Python is the language of choice for many data scientists and researchers who analyze data, and it has far superior libraries for deep learning compared to R, and deep learning is all the rage. However, if you want to apply some more sophisticated models from statistics, Python is sorely lacking and you should use R.
To give an example, say you’re interested in applying survival analysis, where you’re trying to model the time to some first event: could be death, some machine breaking, etc. In the death case, often risk is some function of both static covariates that either don’t change or change slowly, like one’s height or race, and time-varying covariates like pollution levels and weight. The main package for this in Python is lifelines: when I checked late last year it didn’t support time-varying covariates. On the other hand R has a wide range of libraries for survival analysis, including joint models, which properly treat internal time-varying covariates like health measurements (as opposed to external ones like the weather).
This is similar for a range of techniques: if you want mixed models, which are often used in longitudinal data, there are tons of R packages supporting them, and even if there is code out there for Python, it’s far less likely to support recent techniques and papers in the literature.
The statistics community also has a decent habit of releasing well-documented software: they have the Journal of Statistical Software: in general, these papers have an R package associated with them, describe the math behind the package and the high level idea and give a tutorial of how to use it, and then the package documentation itself details each individual function.

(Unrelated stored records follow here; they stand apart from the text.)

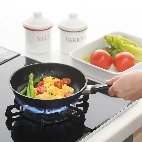 おしゃれな見た目はもちろん、こびりつきにくいからお手入れ簡単!軽くて使い勝手の良い26cmのフライパンです。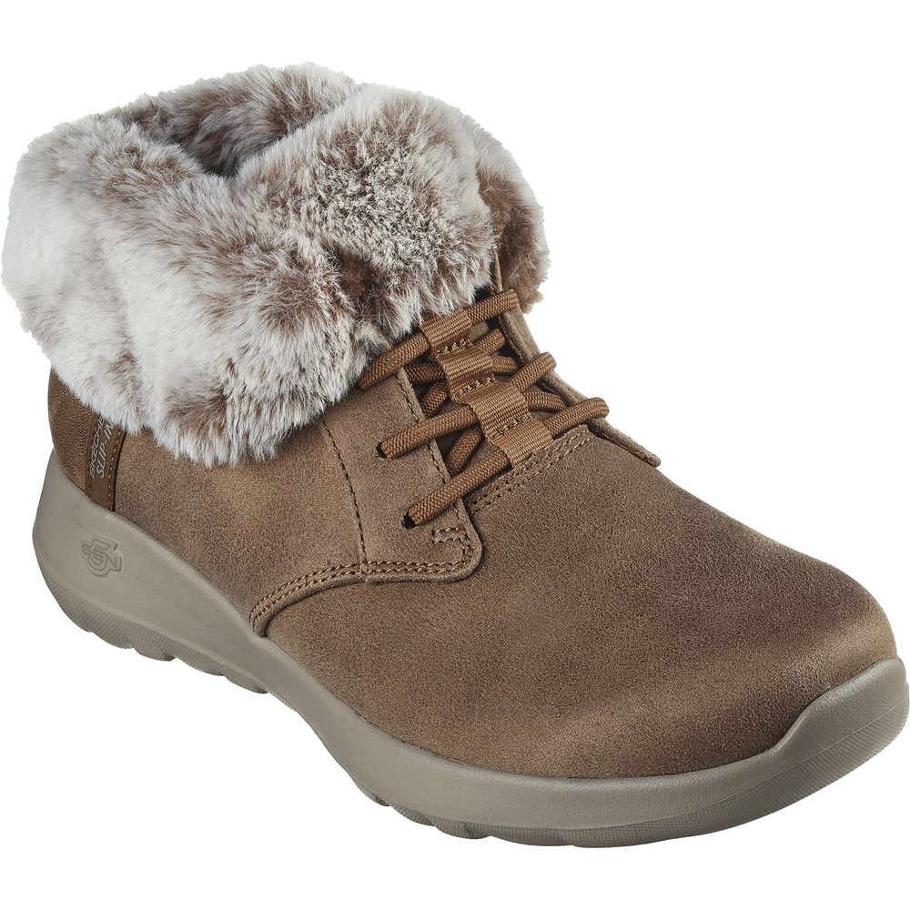 仕様:Perform-Tex(人工皮革)のアッパーにストレッチレース、フェイクファーのライニングと縁取り、フレキシブルでトラクション性の高いアウトソール、ヒールの高さは約3.8センチメートル(1 1/2インチ)、Skechersのロゴディテール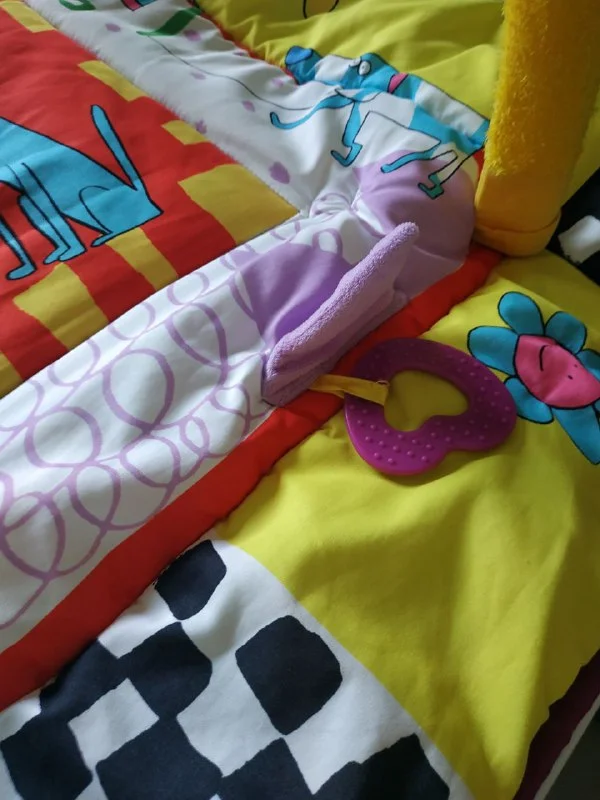 Разноцветная игровая поверность коврика выполнена из материалов разных текстур, для стимулирования тактильного восприятния ребенка. Есть грызунок, шуршащая поверхность, меховой треугольник, пищалка в цветочке.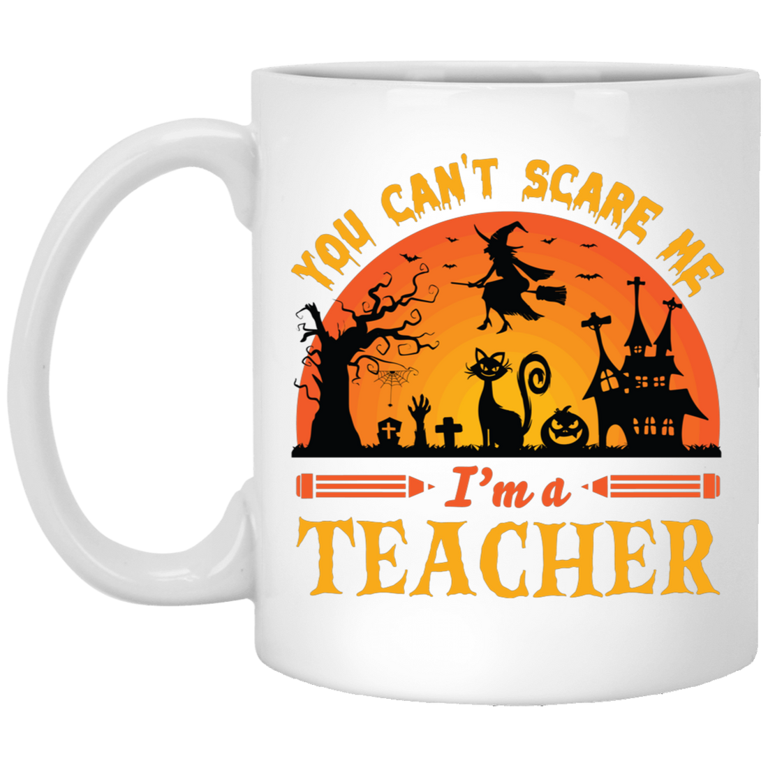 You Can't Scare Me, I'm A Teacher, Witch And Horror Cat White Mug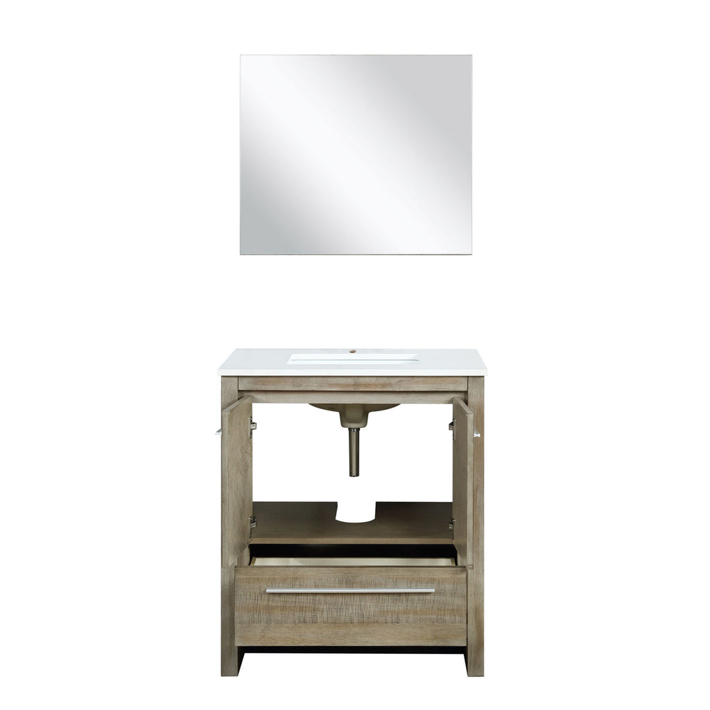 Lexora Lafarre 30" Rustic Acacia Bathroom Vanity, White Quartz Top, White Square Sink, and 28" Frameless Mirror LLF30SKSOSM28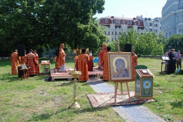 У квітні 2006 року церковники з Києво-Печерської лаври попросили в київської мерії дозволу провести великий молебень на місці Десятинної церкви. Для потреб священників, було встановлено тимчасовий намет.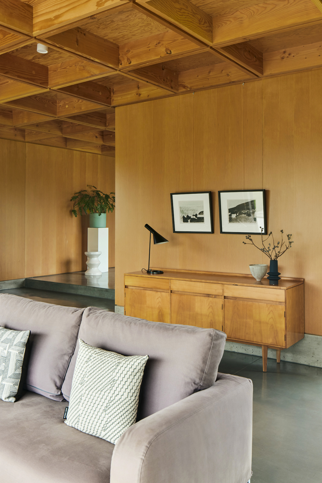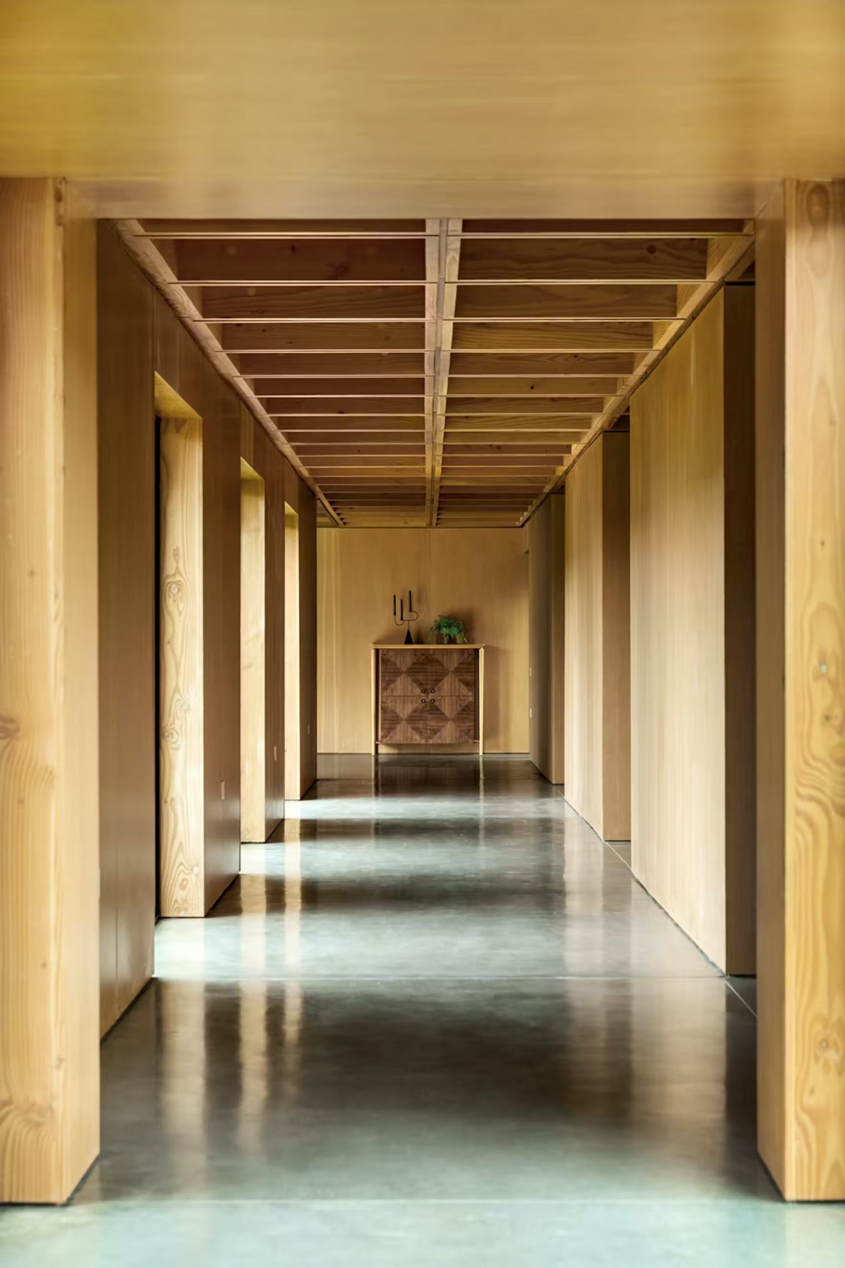 Całość budynku została zaprojektowana w taki sposób, aby zewnętrzne wykończenia, takie jak drewniane elementy stodoły oraz nowoczesne akcenty, były pokryte naturalną czarną bejcą. Taki zabieg pozwala zachować jednorodny wygląd całego kompleksu, który wyraźnie kontrastuje z historycznym domem wiejskim. Wnętrza są pokryte przezroczystą powłoką, co pozwala na uzyskanie subtelnych, naturalnych odcieni w przestrzeni. Drewno jest głównym bohaterem zarówno wewnątrz, jak i na zewnątrz, nadając całemu obiektowi spójny, organiczny charakter.

A nice example of this is [1]. I won’t link to it directly because it auto-downloads instead of opening in the browser.
So if you think you’ll be using recent ML techniques in your project, then use Python, but if the techniques you’re using come more from statistics, use R. It’s worth knowing both.
[1] Rizopoulos, Dimitris. “JM: An R package for the joint modelling of longitudinal and time-to-event data.” Journal of Statistical Software (Online) 35, no. 9 (2010): 1-33.